Odendaal, Christoff (2019-12)

Thesis (MSc)--Stellenbosch University, 2019.

Thesis

ENGLISH ABSTRACT: To save precious experimental time and resources and to gain a deeper understanding of living systems, modelling approaches and systems biological tools like Metabolic Control Analysis (MCA) offer the opportunity to analyse these systems at the level of integrated reaction networks. These tools can aid in the discovery of promising industrial and pharmaceutical metabolic targets. In addition, modelling promises to reduce duplication of work by allowing for the integration of existing models into larger networks that have extended predictive capacity. This is known as the modular approach to model construction. A cornerstone of the modular approach to metabolic modelling is that model expansion increases the predictive abilities of a given model instead of just changing it to describe a new, narrow set of behaviours. Glycolysis - a ubiquitous pathway responsible for glucose catabolism - was probably the first metabolic pathway to be modelled and a history of iterative model expansion is now starting to take shape based on this model. The model by Teusink et al. [1] and its descendent by Du Preez et al. [2] are two existing glycolytic models of Saccharomyces cerevisiae that represent such an expansion. Du Preez and colleagues adapted the steady-state Teusink model in silico to describe glycolytic oscillations. This presents a good opportunity to test whether the adjustment expanded the model’s predictive capacity or just changed it to a new, narrow set of behaviours. Iodoacetic acid (IAA), a specific, irreversible inhibitor of glyceraldehyde 3-phosphate dehydrogenase (GAPDH), was used to perturb yeast glycolysis for the calculation of the glycolytic flux control coefficient of GAPDH. The ability of the model to correctly predict the flux control of GAPDH would be a validation of the model. We found that both the Teusink and the Du Preez models predicted the glycolytic control of GAPDH to be close to zero, which was in good agreement with our experimental finding. Furthermore, the models could predict the effect of larger perturbations of GAPDH reasonably well. This finding is also exciting as it validates the usefulness of IAA as a chemical perturbant that can be used to experimentally measure GAPDH’s glycolytic flux control, which can be reapplied to other metabolic systems where it might have clinical or industrial significance.
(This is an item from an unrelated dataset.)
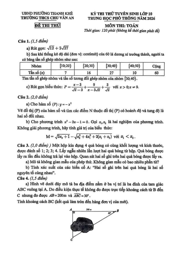 Trích dẫn Đề thi thử tuyển sinh lớp 10 môn Toán năm 2026 trường THCS Chu Văn An – Đà Nẵng:

AFRIKAANSE OPSOMMING: Om kosbare eksperimentele tyd en hulpbronne te bespaar en om ’n dieper begrip van lewende sisteme te bekom, bied modellering en sisteembiologiese middele die geleentheid om lewende sisteme op die vlak van geïntegreede-reaksienetwerke te analiseer. Dit kan help om belowende nywerheids- en farmaseutiese teikens in die metabolisme uit te lig. Verder beloof modellering om herhaling van werk te verminder deur vir die integrasie van bestaande modelle in groter netwerke toe te laat – hierdie uitgebreide netwerke het dan ook uitgebreide voorspellingsvermoë. Dit staan bekend as die modulêre benadering tot modelkonstruksie. ’n Hoeksteen van die modulêre benadering to metabolismemodellering is dat modeluitbreiding die voorspellingsvermoë van ’n gegewe model verbeter en nie bloot aanpas tot ’n nuwe, noue stel metaboliese gedrag nie. Glikolise - ’n algemene padweg verantwoordelik vir glukoseafbraak - was waarskynlik die eerste gemodelleerde padweg en ’n geskiedenis van herhaalde modeluitbreiding is aan’t groei gebaseer op hierdie padweg. Die model deur Teusink et al. [1] en sy afstammeling deur Du Preez et al. [2] is twee bestaande glikolisemodelle van Saccharomyces cerevisiae wat só ’n uitbreiding verteenwoordig. Du Preez en kollegas het die bestendige-toestand-model deur Teusink aangepas in silico om glikolitiese ossillasies te kan beskryf. Dit bied ’n goeie geleentheid vir ’n toets: is die model se voorspellingsvermoë uitgebrei, of bloot verstel na ’n nuwe, noue gedragsrepertoire? Jodoasynsuur (IAA), ’n spesifieke, onomkeerbare inhibitor van gliseraldehied-3-fosfaat dehidrogenase (GAPDH), is gebruik om gisglikolise te perturbeer vir die berekening van die glikolisefluksie-kontrokontolekoëffisiënt van GAPDH. Die vermoë om die fluksiekontrole van GAPDH akkuraat te voorspel, sal ’n validering van die model wees. Ons het bevind dat beide die Teusink- and die Du Preez-modelle voorspel het dat die glikolisekontrole van GAPDH byna nul is, wat goed met ons eksperimentele data ooreenstem. Verder, kon die modelle die effek van groter perturbasies van GAPDH-aktiwiteit redelik goed voorspel. Dit is ’n belowende bevinding, want dit valideer ook die nut van IAA as ’n chemise perturbasiemiddel wat eksperimenteel aangewend kan word om GAPDH se glikolitiesefluksie-beheer te bepaal. Dít kan nou gebruik word in ander metaboliese stelsels wat van kliniese of industriële belang is.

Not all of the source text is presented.